HomeWinBuzzer NewsAI Safety Index 2024 Results: OpenAI, Google, Meta, xAI Fall Short; Anthropic...

AI Safety Index 2024 Results: OpenAI, Google, Meta, xAI Fall Short; Anthropic on Top

The 2024 AI Safety Index reveals poor safety practices at leading firms, with Anthropic earning the top score and Meta failing outright.

-

The just released AI Safety Index 2024 from the Future of Life Institute (FLI) has revealed stark shortcomings in AI safety practices across six leading companies, including Meta, OpenAI, and Google DeepMind.

The AI Safety Index ranked Anthropic highest with a “C” grade, but the rest of the companies—Meta, OpenAI, Google DeepMind, xAI, and Zhipu AI—received dismal scores, with Meta failing outright.

The findings underscore the urgent need for stronger governance and risk management in an industry racing to develop increasingly advanced AI systems.

FLI President Max Tegmark described the situation bluntly to IEEE Spectrum: “I feel that the leaders of these companies are trapped in a race to the bottom that none of them can get out of, no matter how kind-hearted they are.”

The FLI evaluated the companies on six categories, including risk assessment, governance, and existential safety strategies. Despite the industry’s focus on developing powerful systems, the report highlights a significant gap between technological capabilities and effective safety measures.

Anthropic Leads the Pack with a Mediocre “C”

Anthropic emerged as the best performer in the Index, although its “C” grade indicates there is still substantial room for improvement. The company’s “responsible scaling policy” stood out as a positive example.

This policy requires that all models undergo rigorous risk assessments to identify and mitigate catastrophic harms before deployment. Additionally, Anthropic has consistently achieved strong results on established safety benchmarks, earning it a “B-” in the category of addressing current harms, the highest score in that area.

Despite its relatively strong performance, Anthropic was also criticized for its lack of a comprehensive strategy to manage existential risks—an issue shared by all the companies evaluated.

Source: FutureOfLife initiative

The reviewers noted that while Anthropic, OpenAI, and Google DeepMind have articulated initial approaches to existential safety, these efforts remain preliminary and insufficient to address the scale of the challenge.

Meta Scores an “F” as Safety Concerns Mount

At the opposite end of the spectrum, Meta received a failing grade for its inadequate governance and safety practices. The report identified major gaps in Meta’s transparency, accountability frameworks, and existential safety strategies. The absence of meaningful safety measures has raised concerns about the company’s ability to manage the risks associated with its AI developments.

The poor showing of Meta highlights a broader issue within the industry. Despite significant investments in AI research, many companies have not prioritized the governance structures needed to ensure their technologies are safe and aligned with societal values. This lack of prioritization is exacerbated by a competitive environment that rewards rapid deployment over caution.

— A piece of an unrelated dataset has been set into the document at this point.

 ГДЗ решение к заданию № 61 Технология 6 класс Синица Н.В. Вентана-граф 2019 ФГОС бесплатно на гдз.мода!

Transparency: A Persistent Weak Spot

Transparency was another critical area where the companies underperformed. Only xAI and Zhipu AI completed the tailored safety questionnaires sent by FLI, earning them slightly higher scores in this category.

The other companies failed to provide detailed insights into their internal safety practices, further emphasizing the opacity that often surrounds AI development.

In response to the report, Google DeepMind issued a statement defending its approach, saying, “While the Index incorporates some of Google DeepMind’s AI safety efforts, and reflects industry-adopted benchmarks, our comprehensive approach to AI safety extends beyond what’s captured.”

However, the reviewers remained unconvinced, pointing out that without greater transparency, it is impossible to assess whether these claims translate into meaningful action.

Max Tegmark stressed the importance of external pressure, noting, “If a company isn’t feeling external pressure to meet safety standards, then other people in the company will just view you as a nuisance, someone who’s trying to slow things down and throw gravel in the machinery. But if those safety researchers are suddenly responsible for improving the company’s reputation, they’ll get resources, respect, and influence.”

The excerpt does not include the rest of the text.